## Build Evaluation Dataset `EvaluationData.parquet`

- Merge information of test runs with characteristics of each dataset, and for the "best" and "worst" users, namely:
    -  `4-TestRuns/results/{EVAL_RUN}/{Model}-{EVAL_RUN}.csv`
    - `DatasetCharacteristics.csv`
    - `BestWorstUserTopologicalChars.csv`
    - `UserAveragePopularity.csv`

In [1]:
import pandas as pd
import numpy as np
from utils import load_benchmark_datasets
from src.config import EVALUATION_DIRECTORY, json_dumps_user_columns
from utils import get_users_topological_chars, translate_userids, build_users_popularity_lookup_file, get_user_popularity, get_evaluation_data

### 1. Load Dataset Characteristics
- read `DatasetCharacteristics.csv`
- calculate may useful remaining metrics

In [2]:
dataset_split_characteristics_df = pd.read_csv(EVALUATION_DIRECTORY.joinpath(f"utils/DatasetCharacteristics.csv"), sep="\t")
print(dataset_split_characteristics_df.shape)

(176, 37)


In [3]:
dataset_split_characteristics_df['density'] = 1 - dataset_split_characteristics_df['sparsity']
dataset_split_characteristics_df['density_log'] = np.log10(dataset_split_characteristics_df['density'])
dataset_split_characteristics_df['average_clustering_coef_dot_user_log'] = np.log10(dataset_split_characteristics_df['average_clustering_coef_dot_user'])
dataset_split_characteristics_df['average_clustering_coef_dot_item_log'] = np.log10(dataset_split_characteristics_df['average_clustering_coef_dot_item'])

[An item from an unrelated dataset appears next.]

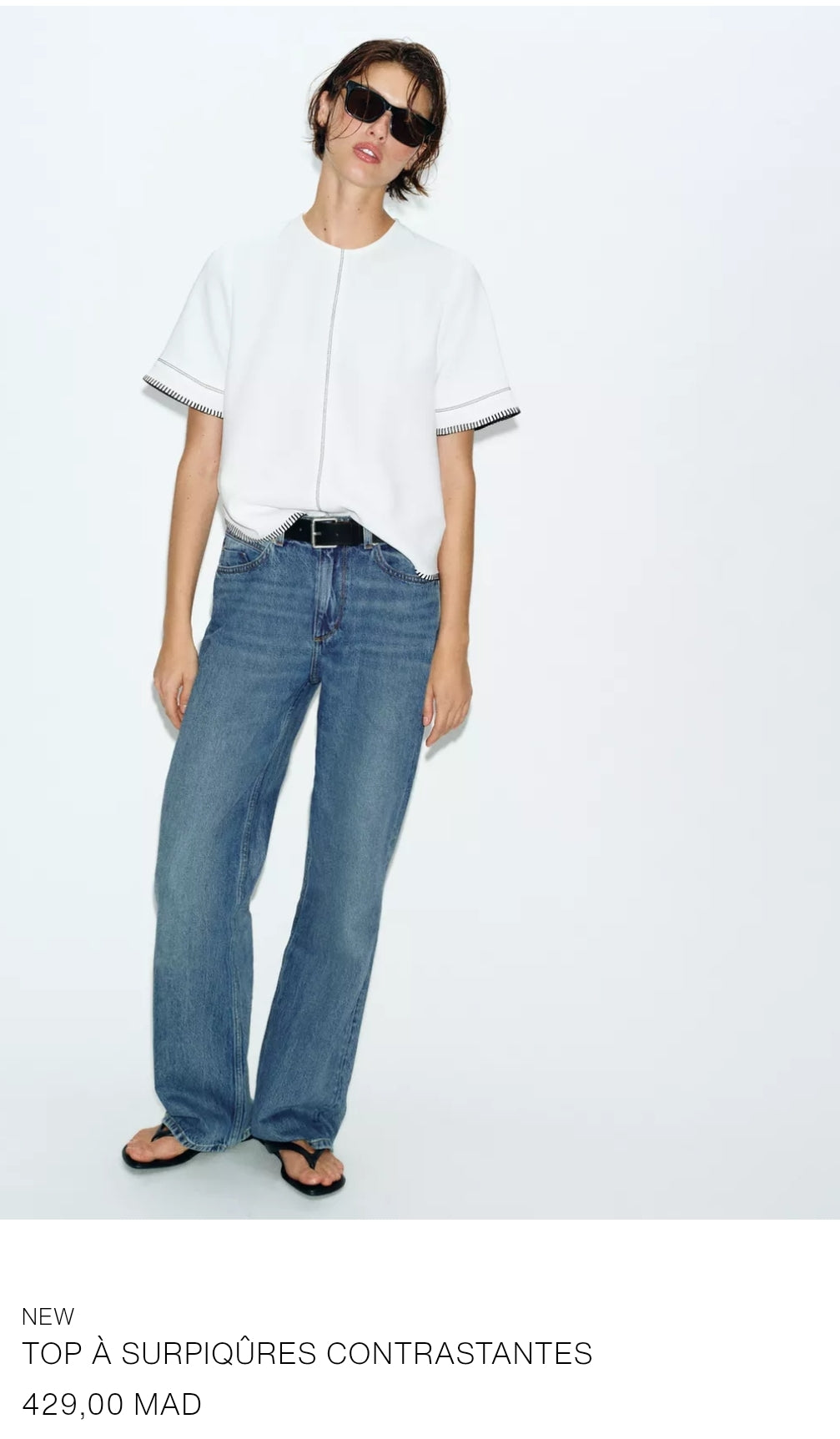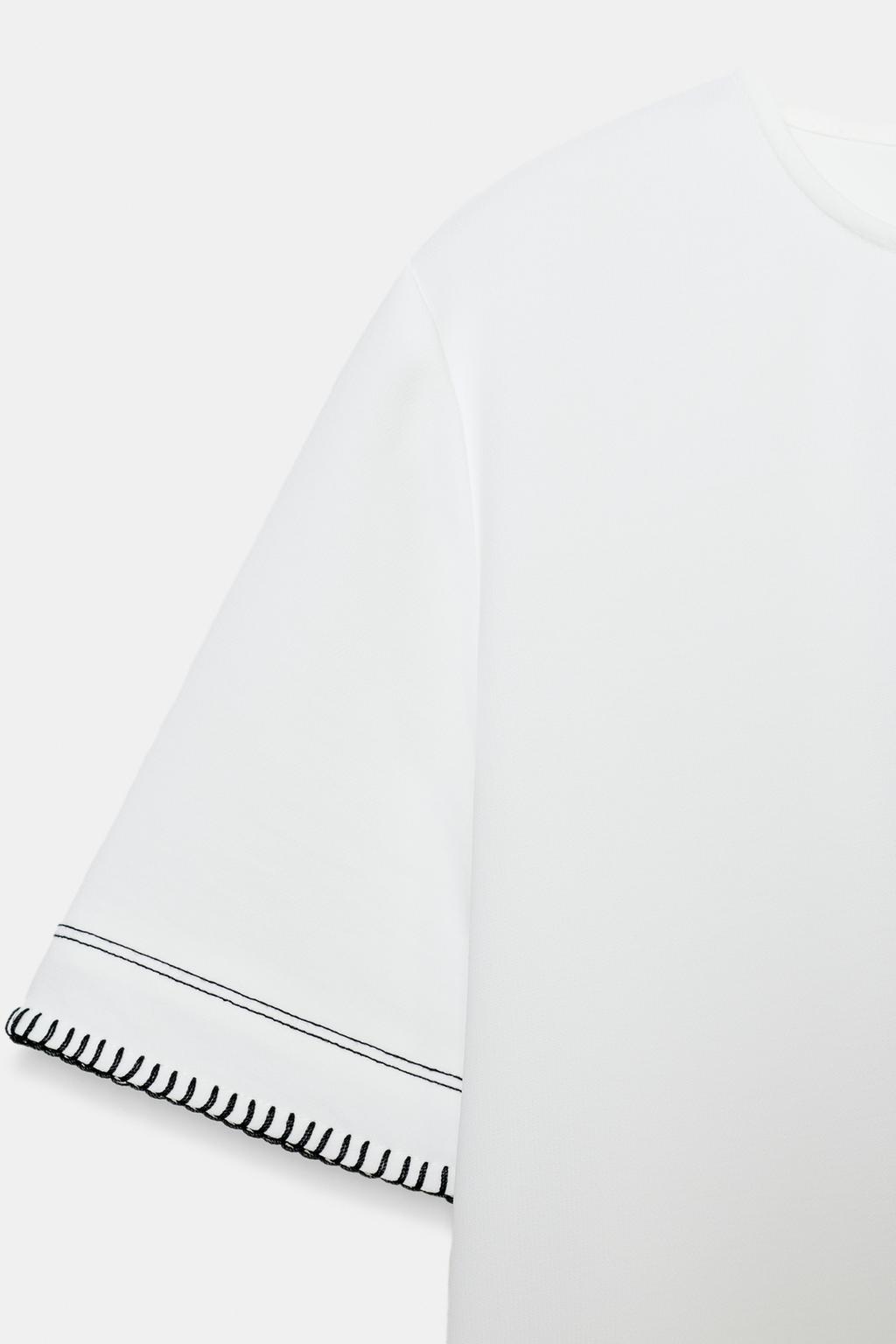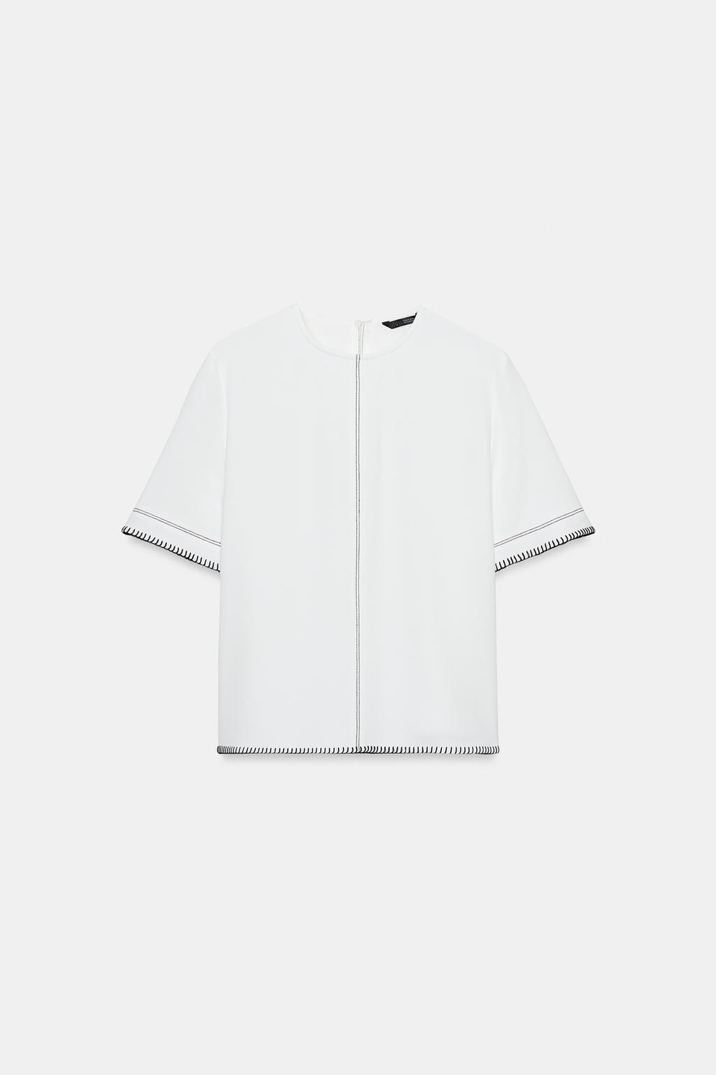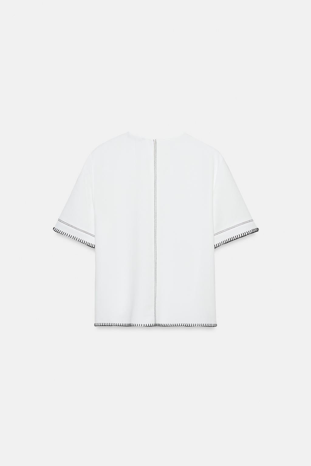 Top à col rond et manches courtes. Détail de surpiqûres combinées à contraste. Fermeture au dos avec ouverture et bouton caché.

### 2. Load Test Run Datasets
-  read `4-TestRuns/results/{EVAL_RUN}/{Model}-{EVAL_RUN}.csv`
- merge with previous result

In [4]:
EVAL_RUN = "RO"
model_evaluation_df = load_benchmark_datasets(EVAL_RUN)

In [5]:
evaluation_dataset_characteristics_df = pd.merge(model_evaluation_df, dataset_split_characteristics_df, on='dataset', how='left')
print(evaluation_dataset_characteristics_df.shape)

(1584, 61)


### 2. Load User's Characteristics
- read / generate `BestWorstUserTopologicalChars.csv`
- merge with previous result

In [None]:
# HINT: takes approx. 5h
file_path = EVALUATION_DIRECTORY.joinpath(f"{EVAL_RUN}/BestWorstUserTopologicalChars.csv")
user_topologies_df = get_users_topological_chars(evaluation_dataset_characteristics_df, file_path, num_datasets=176)

In [7]:
evaluation_dataset_characteristics_user_topologies_df = pd.merge(evaluation_dataset_characteristics_df, user_topologies_df, on='dataset', how='left')
print(evaluation_dataset_characteristics_user_topologies_df.shape)

(1584, 65)


### 3. Load User's Average Popularity of the interacted Items
- translate userIDs from _recboleID_ -> _localID_ -> _globalID_ to match average popularity of these items, the "best" / "worst" users in `UserAveragePopularity.csv"` 
    - global ID: the userID which holds on all splits
    - local ID: the userID which is only valid within one split
    - recbole ID: the userID which is assigned after the filtering by RecBole
- read / generate `UserAveragePopularity.csv`
- generate final dataframe

In [9]:
# HINT: takes approx. 10-20min.
translated_ids_df = translate_userids(evaluation_dataset_characteristics_user_topologies_df, 
                                      num_rows=evaluation_dataset_characteristics_user_topologies_df.shape[0])

100%|██████████| 1584/1584 [12:49<00:00,  2.06rows/s]


In [None]:
# HINT: takes approx. 1min
file_path = EVALUATION_DIRECTORY.joinpath("utils/UserAveragePopularity.csv")
popularity_dict = build_users_popularity_lookup_file(file_path, num_datasets=177)

In [11]:
# NOTE: takes approx. 2-3 min
classical_user_characteristics_df = get_user_popularity(translated_ids_df, popularity_dict, num_rows = translated_ids_df.shape[0])

100%|██████████| 1584/1584 [01:22<00:00, 19.29rows/s]


### 4. Store the files as Parquet
- `.parquet` is a columnar storage format optimized for high-performance data querying and compression, reducing file sizes and improving read/write speeds compared to `.csv`

In [12]:
final_eval_df = json_dumps_user_columns(classical_user_characteristics_df)

In [13]:
file_path = EVALUATION_DIRECTORY.joinpath(f"{EVAL_RUN}/EvaluationData.parquet")
final_eval_df.to_parquet(file_path, engine="pyarrow", index=False)

#### Examplary: Load from `EvaluationData.parquet`

In [None]:
EVAL_RUN = "TO"
final_eval_df = get_evaluation_data(EVAL_RUN)